__Input data__.
******************************
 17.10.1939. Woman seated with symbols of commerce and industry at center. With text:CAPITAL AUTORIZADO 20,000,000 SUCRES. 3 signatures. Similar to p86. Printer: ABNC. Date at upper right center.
******************************
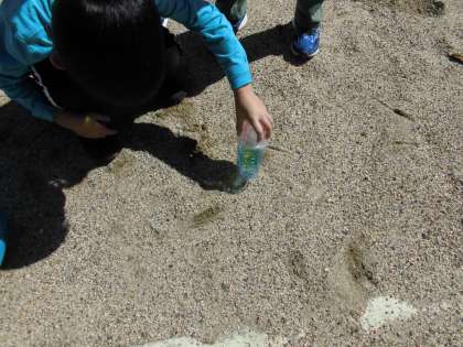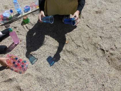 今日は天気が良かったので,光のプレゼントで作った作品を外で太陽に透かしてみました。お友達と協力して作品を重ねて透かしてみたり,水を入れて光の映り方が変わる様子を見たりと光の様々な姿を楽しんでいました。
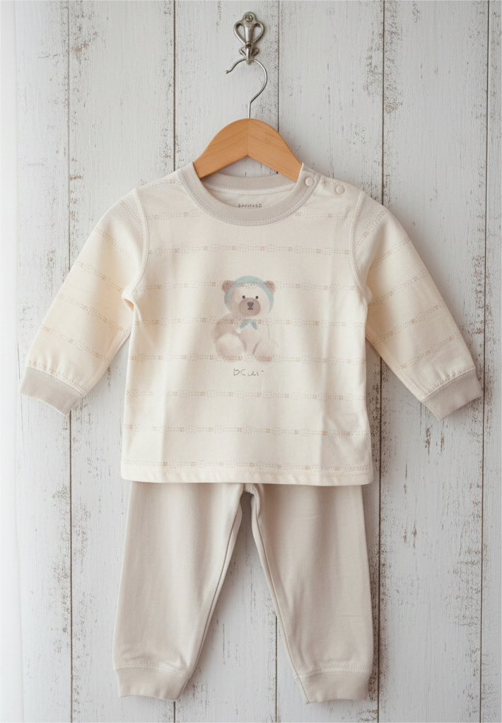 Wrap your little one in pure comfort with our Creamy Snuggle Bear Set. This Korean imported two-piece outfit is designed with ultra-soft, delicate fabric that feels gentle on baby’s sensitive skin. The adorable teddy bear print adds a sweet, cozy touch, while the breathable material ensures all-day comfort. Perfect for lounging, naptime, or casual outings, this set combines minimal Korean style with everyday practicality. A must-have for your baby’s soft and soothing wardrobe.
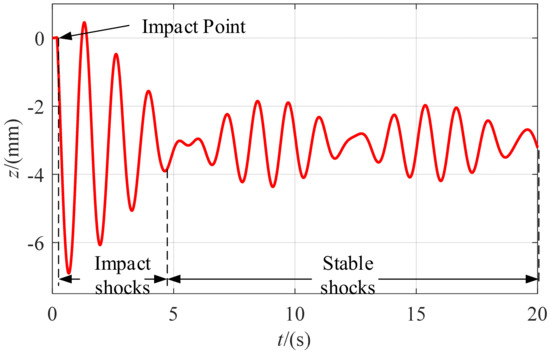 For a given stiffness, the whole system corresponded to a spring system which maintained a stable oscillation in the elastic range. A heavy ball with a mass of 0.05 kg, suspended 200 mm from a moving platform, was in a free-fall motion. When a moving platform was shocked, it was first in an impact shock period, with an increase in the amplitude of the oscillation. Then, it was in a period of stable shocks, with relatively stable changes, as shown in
******************************
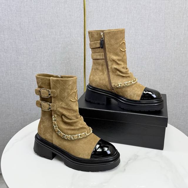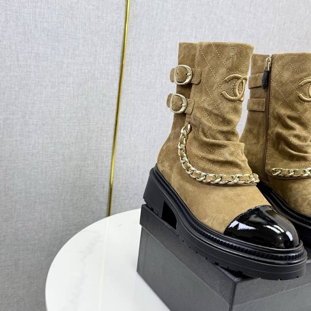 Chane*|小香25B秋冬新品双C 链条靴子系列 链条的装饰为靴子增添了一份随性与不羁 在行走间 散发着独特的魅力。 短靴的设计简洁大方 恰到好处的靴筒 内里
******************************
Beginning with the line above that contains "Wrap your little" and finishing with the line that contains "For a given", print those lines exactly and only. Skip all pictures.

__Answer below__.
 Wrap your little one in pure comfort with our Creamy Snuggle Bear Set. This Korean imported two-piece outfit is designed with ultra-soft, delicate fabric that feels gentle on baby’s sensitive skin. The adorable teddy bear print adds a sweet, cozy touch, while the breathable material ensures all-day comfort. Perfect for lounging, naptime, or casual outings, this set combines minimal Korean style with everyday practicality. A must-have for your baby’s soft and soothing wardrobe.
 For a given stiffness, the whole system corresponded to a spring system which maintained a stable oscillation in the elastic range. A heavy ball with a mass of 0.05 kg, suspended 200 mm from a moving platform, was in a free-fall motion. When a moving platform was shocked, it was first in an impact shock period, with an increase in the amplitude of the oscillation. Then, it was in a period of stable shocks, with relatively stable changes, as shown in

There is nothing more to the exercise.